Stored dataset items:

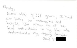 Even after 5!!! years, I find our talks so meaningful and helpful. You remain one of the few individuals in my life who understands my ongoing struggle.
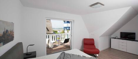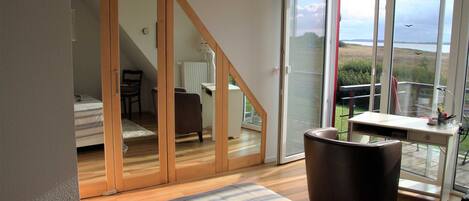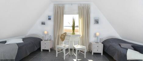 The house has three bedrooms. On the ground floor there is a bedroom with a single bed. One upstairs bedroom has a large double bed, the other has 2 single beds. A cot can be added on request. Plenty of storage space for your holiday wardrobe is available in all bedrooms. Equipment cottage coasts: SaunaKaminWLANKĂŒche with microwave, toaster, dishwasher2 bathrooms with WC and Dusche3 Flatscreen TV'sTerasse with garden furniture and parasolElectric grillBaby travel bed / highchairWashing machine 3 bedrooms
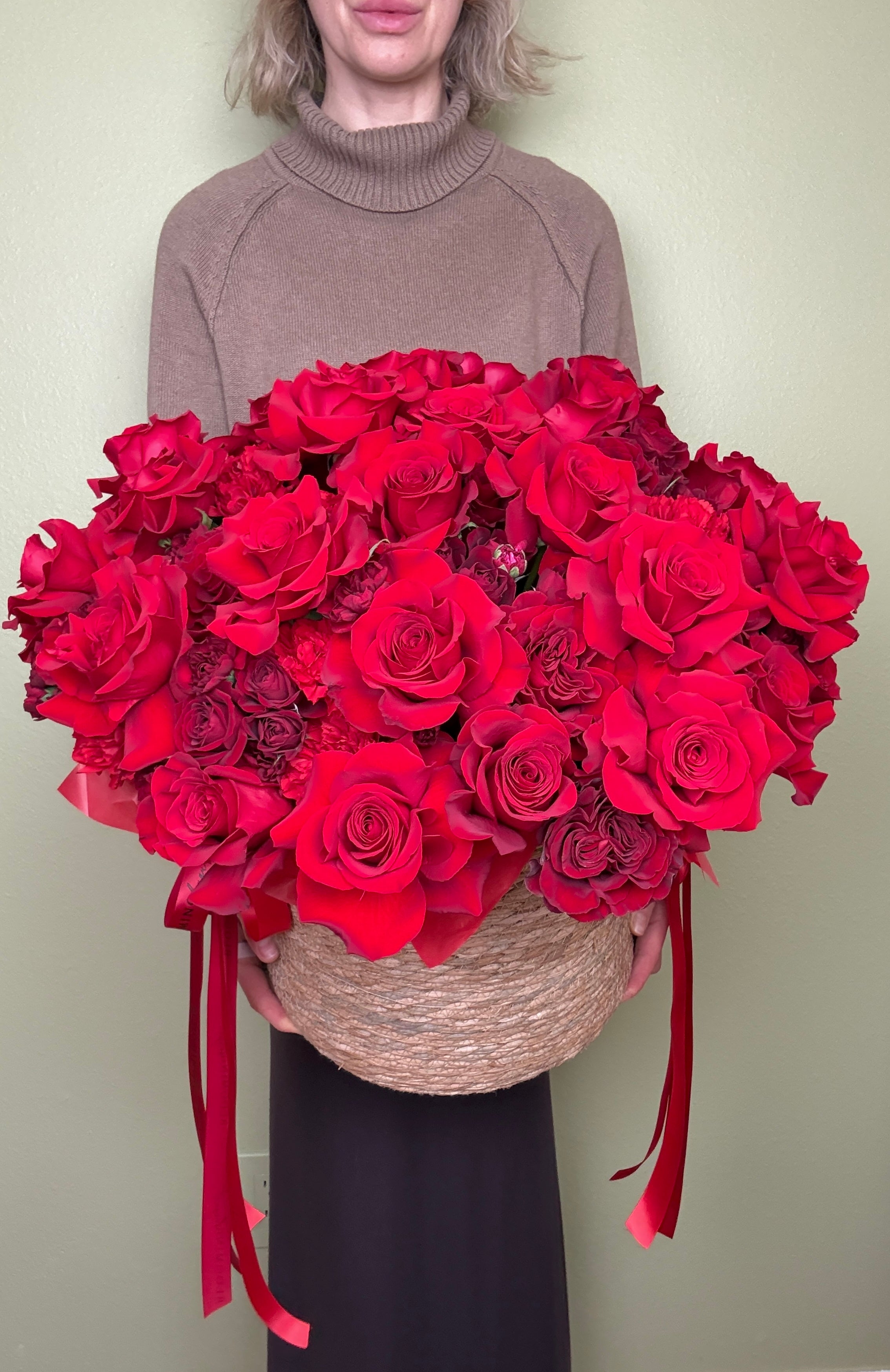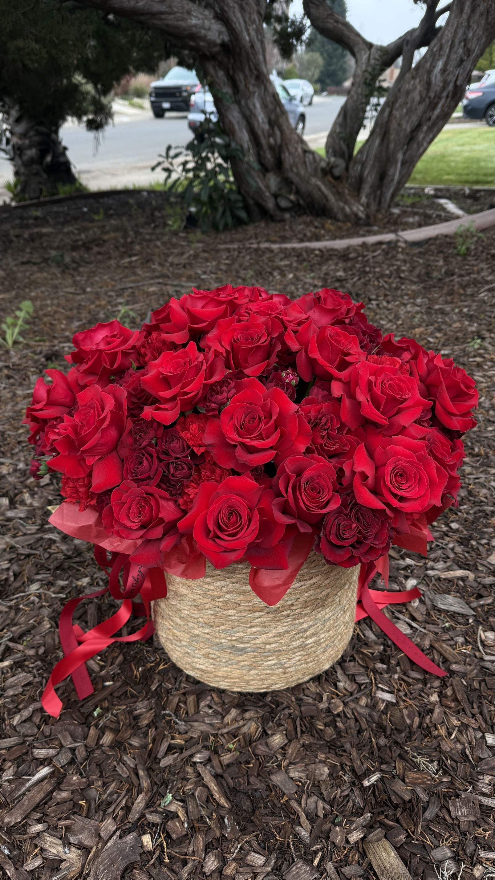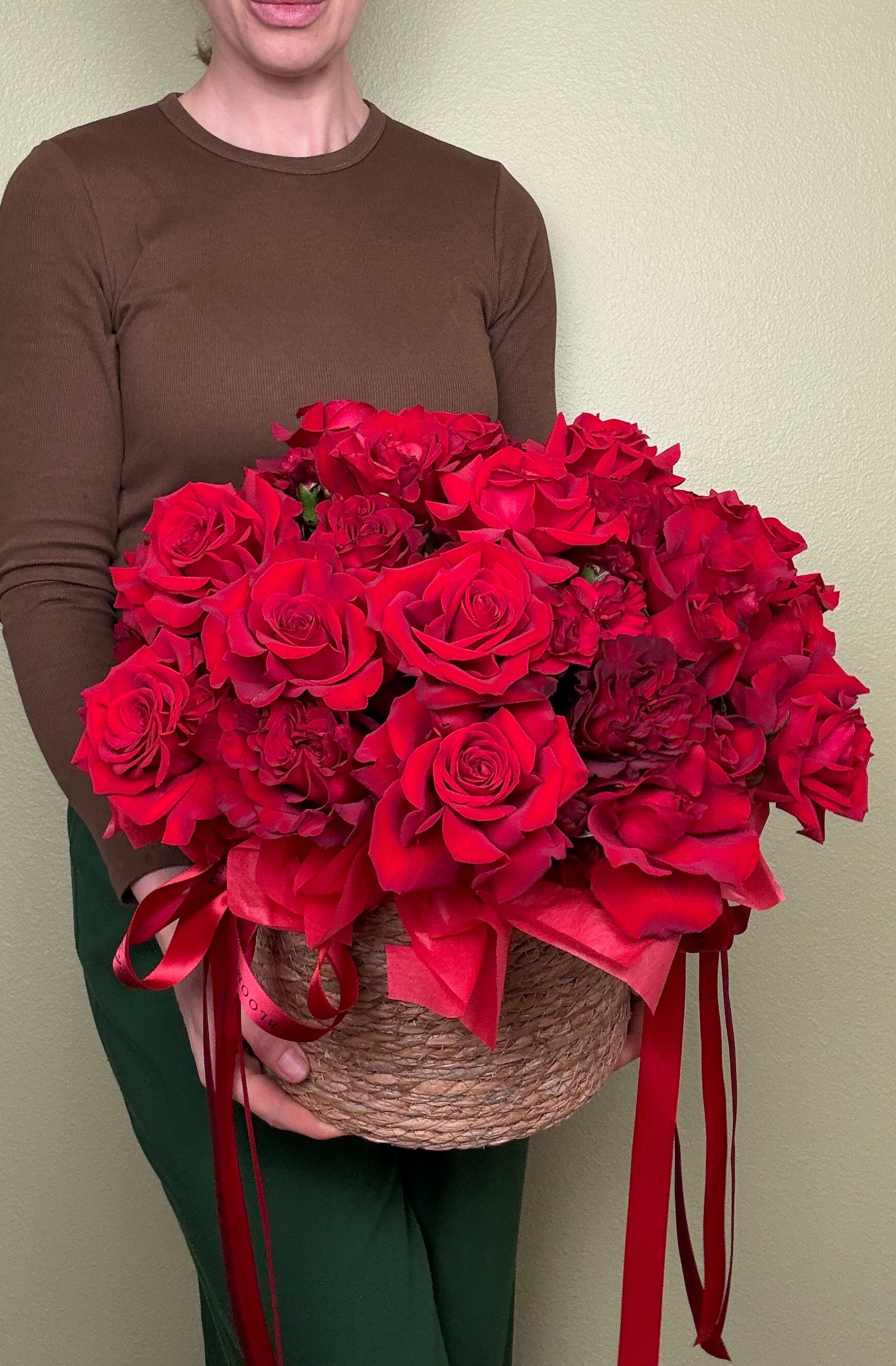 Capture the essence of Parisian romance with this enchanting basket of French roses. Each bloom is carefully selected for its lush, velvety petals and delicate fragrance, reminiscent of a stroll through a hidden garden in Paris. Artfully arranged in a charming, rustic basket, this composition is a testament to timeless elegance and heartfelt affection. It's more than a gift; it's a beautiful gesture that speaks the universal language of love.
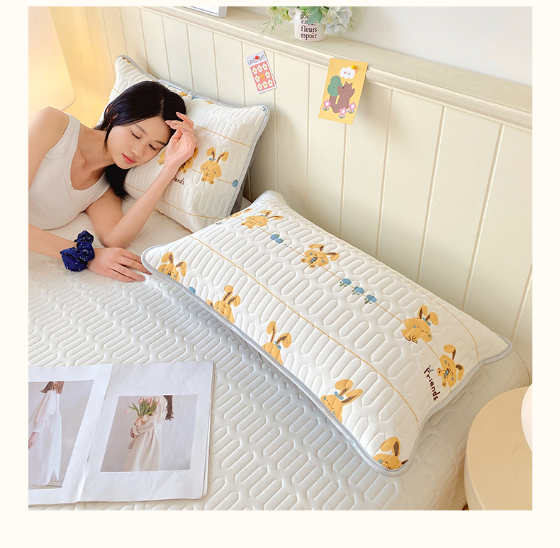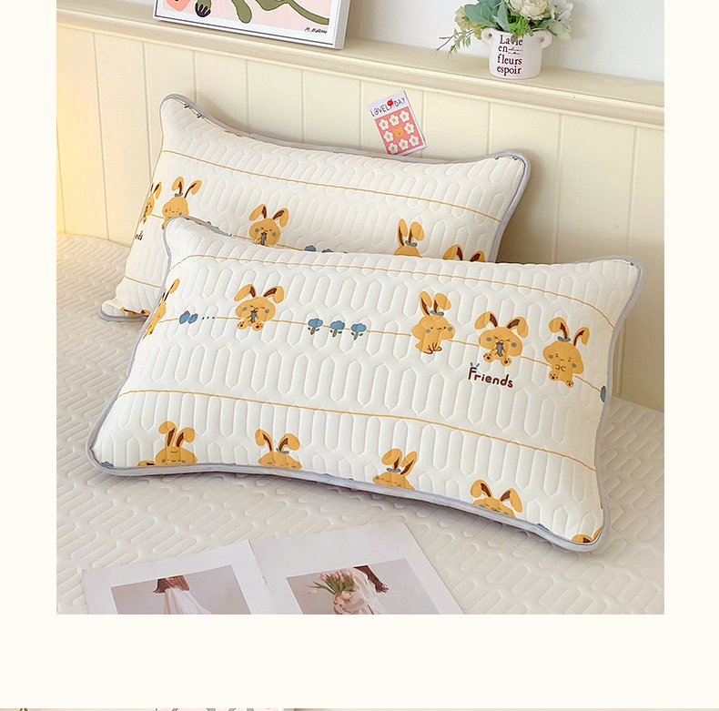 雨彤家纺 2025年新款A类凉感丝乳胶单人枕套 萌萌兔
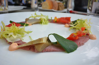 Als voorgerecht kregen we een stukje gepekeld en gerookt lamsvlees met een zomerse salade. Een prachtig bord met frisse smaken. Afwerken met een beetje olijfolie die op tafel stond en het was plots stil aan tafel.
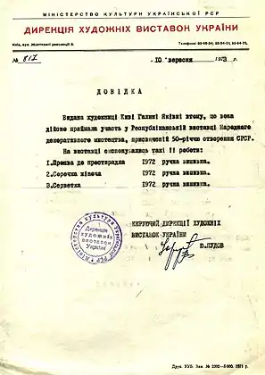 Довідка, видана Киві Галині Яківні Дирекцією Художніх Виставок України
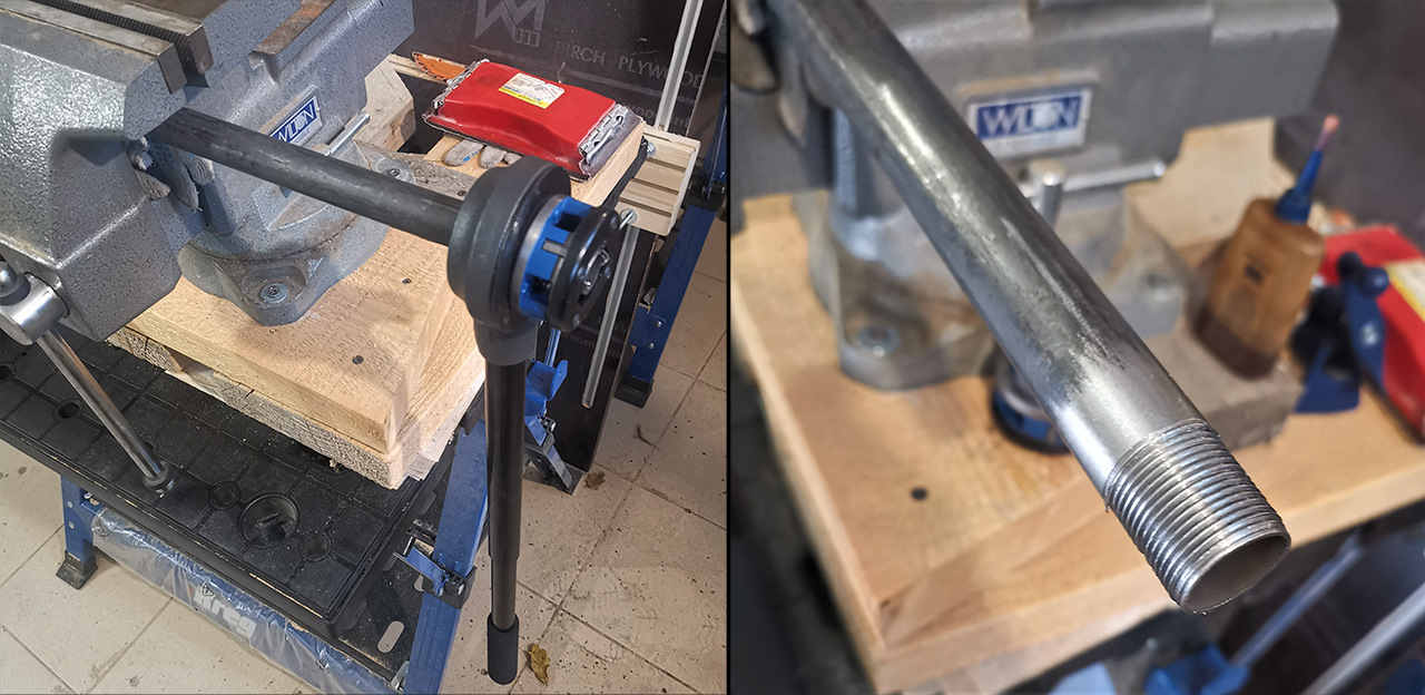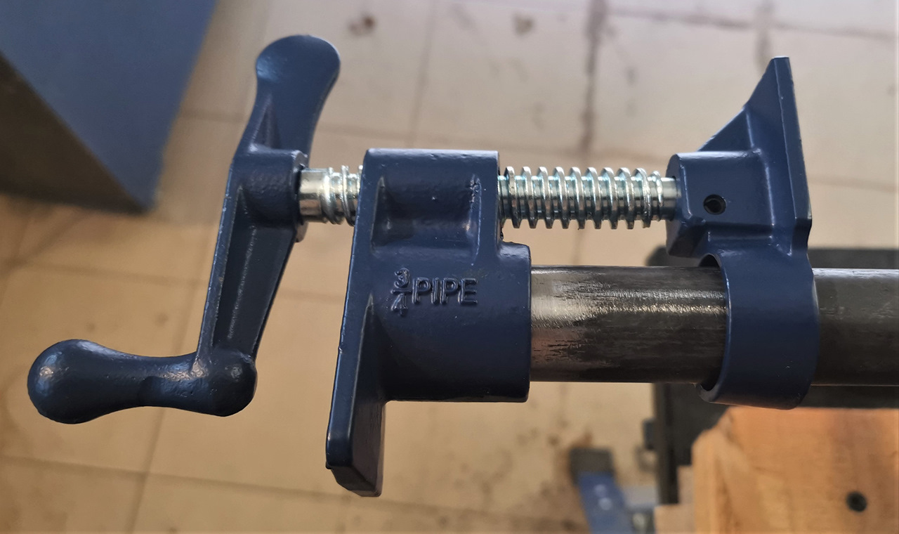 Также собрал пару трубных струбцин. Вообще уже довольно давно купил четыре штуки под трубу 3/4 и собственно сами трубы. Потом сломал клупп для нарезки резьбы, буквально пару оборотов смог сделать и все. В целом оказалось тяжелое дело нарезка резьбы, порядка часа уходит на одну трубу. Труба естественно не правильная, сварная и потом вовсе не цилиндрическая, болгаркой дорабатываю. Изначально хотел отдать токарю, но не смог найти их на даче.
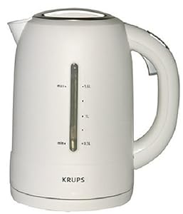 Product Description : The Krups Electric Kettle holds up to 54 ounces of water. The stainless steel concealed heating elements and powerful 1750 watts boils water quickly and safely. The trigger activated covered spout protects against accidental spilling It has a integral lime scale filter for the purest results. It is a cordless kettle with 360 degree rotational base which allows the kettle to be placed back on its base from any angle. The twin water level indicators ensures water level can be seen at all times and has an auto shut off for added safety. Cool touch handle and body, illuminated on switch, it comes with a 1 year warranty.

Directions
Skip every picture, and restate word for word only the lines above from the line containing "Als voorgerecht kregen" to the line containing "Довідка, видана Киві", both of them included.

Written answer
 Als voorgerecht kregen we een stukje gepekeld en gerookt lamsvlees met een zomerse salade. Een prachtig bord met frisse smaken. Afwerken met een beetje olijfolie die op tafel stond en het was plots stil aan tafel.
 Довідка, видана Киві Галині Яківні Дирекцією Художніх Виставок України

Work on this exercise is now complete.